▲Professor Sahmin Lee from the Division of Cardiology at Asan Medical Center is treating a patient with aortic stenosis.

Aortic stenosis, a condition in which the aortic valve becomes increasingly calcified due to aging, can progress to heart failure in severe cases. Until now, the only treatment options were thoracotomy or aortic valve replacement. However, a groundbreaking study has now presented the first potential for medication treatment of aortic stenosis.

A research team led by Professor Sahmin Lee from the Division of Cardiology at Asan Medical Center analyzed the valve tissues of patients with aortic stenosis and discovered mitochondrial dysfunction. For the first time, they identified that supplementation with spermidine can restore mitochondrial function and inhibit aortic valve calcification.

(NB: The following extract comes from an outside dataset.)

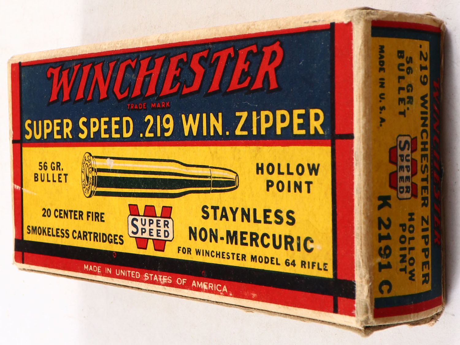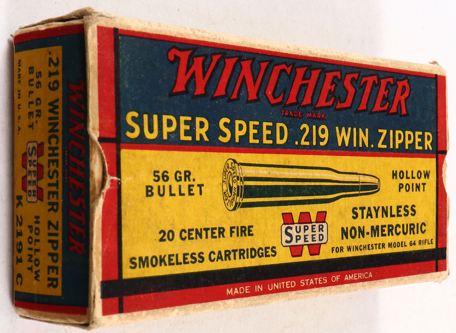 Winchester, Super Speed, .219 Win. Zipper, 56 Grain Hollow Point Bullet, Full, 1pc. Yellow blue & red box, box is solid with excellent color, minor age soiling & corner wear edges are mostly crisp, end flaps are solid, ammo is excellent. Grade: Excellent - Value: 100 to 300

Mitochondria, known as the powerhouse of cells, supply energy to the body. When mitochondrial function declines or becomes damaged, it can lead to various conditions such as aging, diabetes, cardiovascular diseases, and cancer. Spermidine, a naturally occurring compound abundant in foods like natto, cheese, brown rice, mushrooms, broccoli, nuts, and soybeans, is known to enhance mitochondrial function and promote autophagy, a process in which cells remove unnecessary components.

Through electron microscopy analysis of valve tissue from patients with aortic stenosis, the research team confirmed significant mitochondrial damage compared to normal valve tissue. Further quantitative analysis using Mito-Tracker staining revealed that mitochondrial function in aortic stenosis patients was only 17%, significantly lower than 41% in the normal control group.

When the research team administered spermidine to the valve cells of patients with aortic stenosis, the expression of genes related to calcification was reduced by nearly half, while markers of mitochondrial function increased more than threefold. Furthermore, in an aging mouse model, the intake of spermidine-enriched water improved mitochondrial function in heart valve tissue and increased the expression of proteins associated with autophagy. Additionally, the thickness of the valve remained comparable to that of the healthy control group, with fibrosis and calcification progression inhibited by more than 50%.

This study was conducted in collaboration with researchers from Harvard Medical School and Brigham and Women's Hospital. The findings were recently published in ‘JACC: Basic to Translational Science,’ a leading journal in the field of cardiovascular research.